Woordenboek

Zoek in het woordenboek

Woordenboek(en)

Term Betekenis
'oeste

oeste(n) oogsten.
Zie:
oest.

synoniem(en) -  oesten
'oestbrôôd

oestbrôôd krentenbrood op de dag dat de oogst binnen is gegeten: geg. d. Z.B. (Wolf.) die aantekent: zo mogelijk gebakken van meel v. d. nieuwe oogst.
Zie:
oestkoeken.

'oestbigge

oestbigge 1) in augustus geboren big: geg. d. N.B. (Kg.); Sch.-D. (Zr.; Ng.; Dsr.; Rns.; Bh.; Hsd.; Ow.).
1) voor plaats. oe:klank in deze in volg. samenstellingen verg. oest.

'oest

oest! uitroep om e. dier te verjagen bv.: oest oest katte! ga weg poes!: W. (omg.
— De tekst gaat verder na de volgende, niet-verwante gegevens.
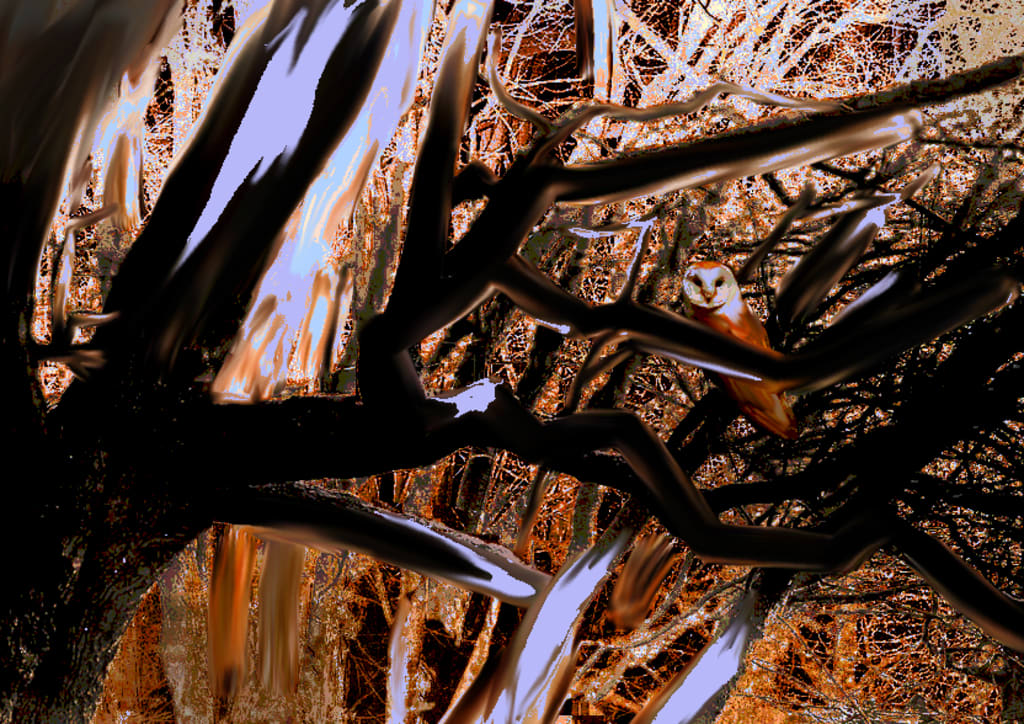 The walls were decorated with a multitude of owl-based art; sculpted and painted and even sketched on napkins. She especially loved this particular corner, with its mural of a moonlit forest, a barn owl tucked into the foliage inconspicuously. Sometimes it was so hard to find, she was convinced that the artist snuck in at night to move it. Julie loved it.

Mdb.; Njoos.; Srk.; Aag.); Z.B. (Kpl.); N.B. (Col.); T. (Tln.; Mtd.; Po.); Sch. (Zr.; Ng.; Rns.; Bwh.); Z.V.W. (Cz.; Sdk.); L.v.Ax. (Nz.); in 't bz. tegen varkens: Hkz.; Bld.; Bzl.
De vorm oesja! geg. d. W. (Aag.); T. (Tln.; Scherp.); Sch.-D. (Zr.; Elm.; Kwv.; Sjl.); Z.V.W.; hoesja!: Ofl. (Dl.); Aant. h-vorm ook geg. d. Cz.; volg. Bks. te onderscheiden: oesjà t. e. varken oert! t. e. hond kets! t. e. kat.